TASK DIRECTIONS: Leave out the pictures, and copy exactly the lines from the line with "Можно просто указать" through the last line of the data below.

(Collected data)
____

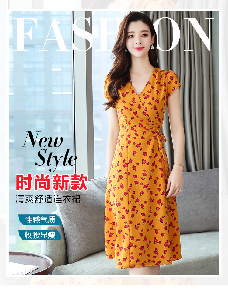 實拍海邊沙灘裙女度假裙ins超火V領高腰顯瘦碎花連衣裙裹身裙
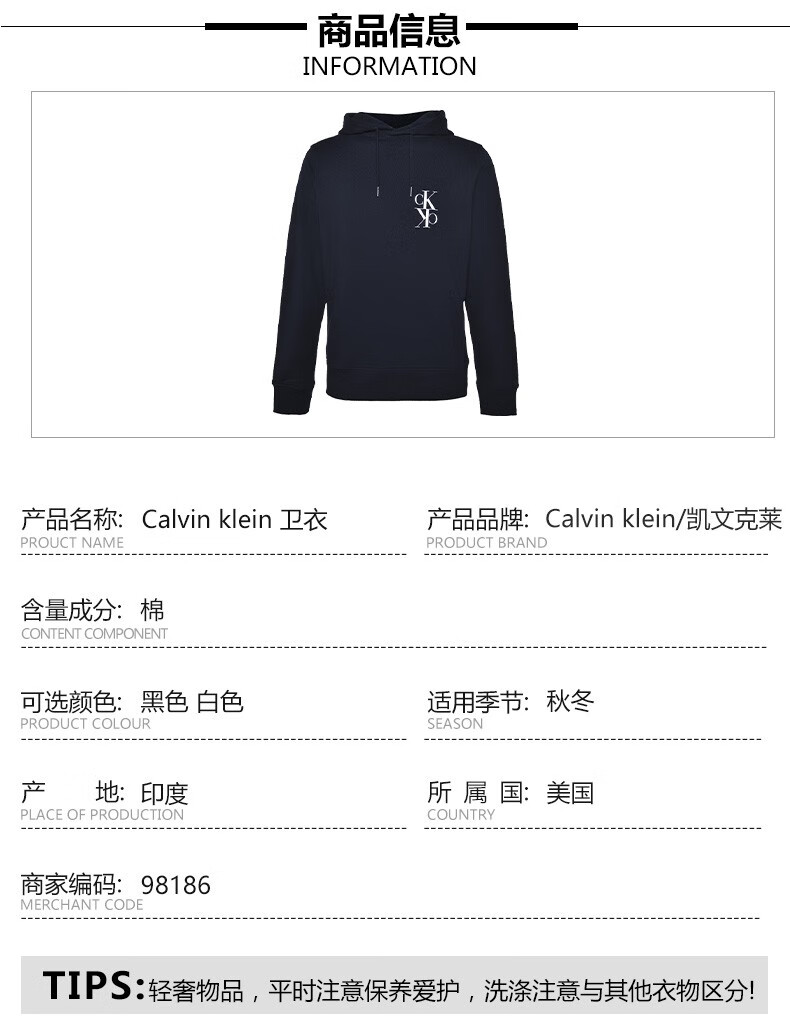 【特惠秒】卡尔文·克莱恩(Calvin Klein)凯文克莱()CK男装 时尚潮流男士休闲连帽卫衣 98186
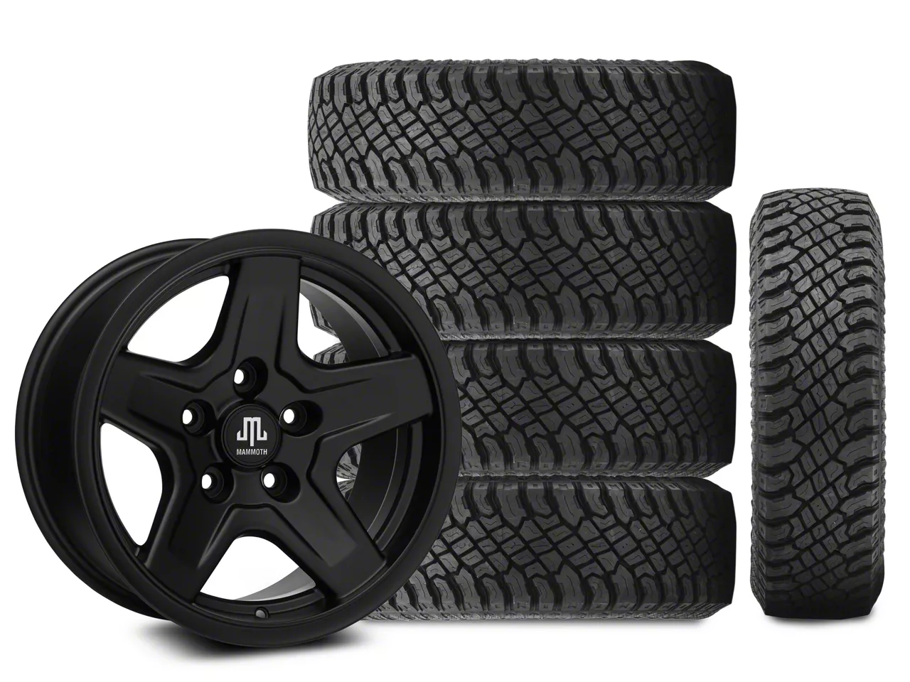 Matte Black Mammoth Boulder Style Aluminum Wheel. Mammoth's Boulder Style Wheel features a bold five spoke design for rugged good looks. This Mammoth Wheel is completed in a high quality, clear coated, matte black finish for an aggressive appearance that can withstand the hazards of everyday driving - including road chips and pitting.
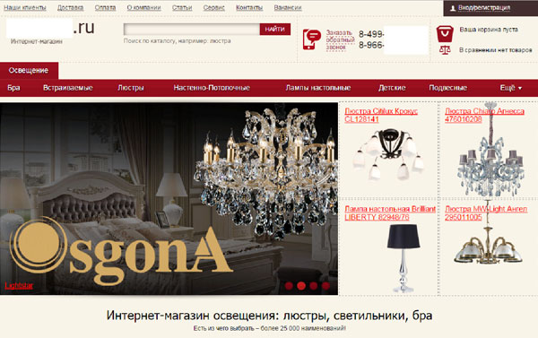Можно просто указать регионы, в которых работаете, если их немного (например: Москва и МО). Чаще всего посетитель вынужден догадываться о географии интернет-магазина по коду города в телефоне. Но иногда код города ни о чем не говорит. Не понять, с какими регионами работает магазин освещения в примере ниже? Нужно идти и читать в раздел «Доставка»...
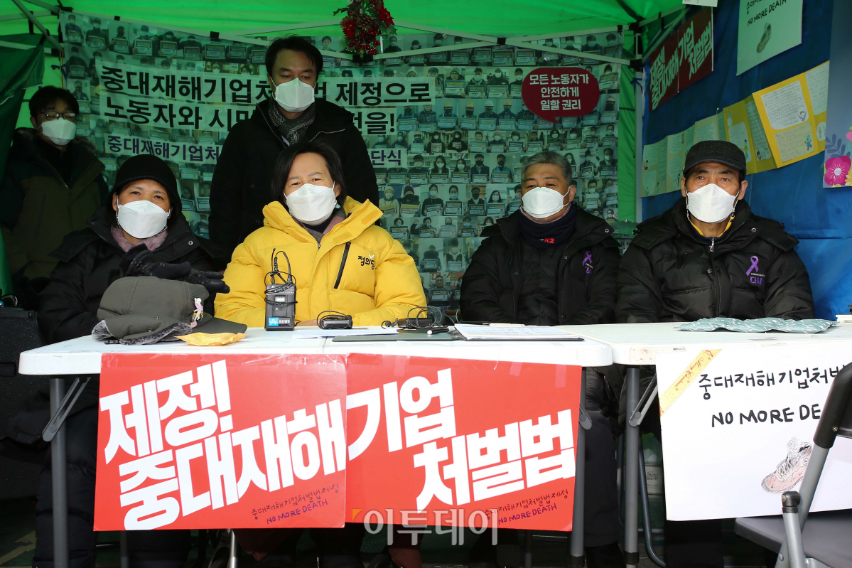 중대재해기업처벌법 제정을 촉구하며 단식농성 중 병원에 이송된 정의당 강은미 원내대표(왼쪽 두번째)가 5일 국회 본관 앞 단식농성장에 복귀하며 발언하고 있다.
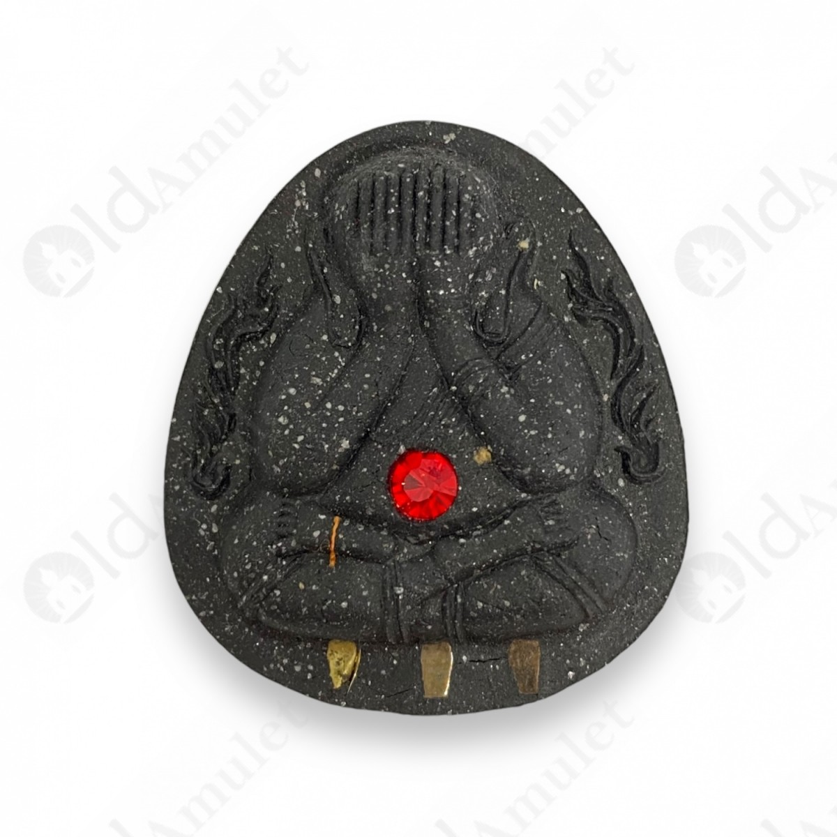 This is Phra Pidta 3Takud 1Red Gem Black Herb + Monk Rope, Rub-Sub45 was made by LP CHUEN of Wat Ta-Ei (Luang Phor) (from Burirum, THAILAND) in B.E.2545 (2002) and made of Powder mixed. Power of this amulet will bringing owner has a Help and Improve your Life better.

____

FINAL ANSWER:
Можно просто указать регионы, в которых работаете, если их немного (например: Москва и МО). Чаще всего посетитель вынужден догадываться о географии интернет-магазина по коду города в телефоне. Но иногда код города ни о чем не говорит. Не понять, с какими регионами работает магазин освещения в примере ниже? Нужно идти и читать в раздел «Доставка»...
 중대재해기업처벌법 제정을 촉구하며 단식농성 중 병원에 이송된 정의당 강은미 원내대표(왼쪽 두번째)가 5일 국회 본관 앞 단식농성장에 복귀하며 발언하고 있다.
 This is Phra Pidta 3Takud 1Red Gem Black Herb + Monk Rope, Rub-Sub45 was made by LP CHUEN of Wat Ta-Ei (Luang Phor) (from Burirum, THAILAND) in B.E.2545 (2002) and made of Powder mixed. Power of this amulet will bringing owner has a Help and Improve your Life better.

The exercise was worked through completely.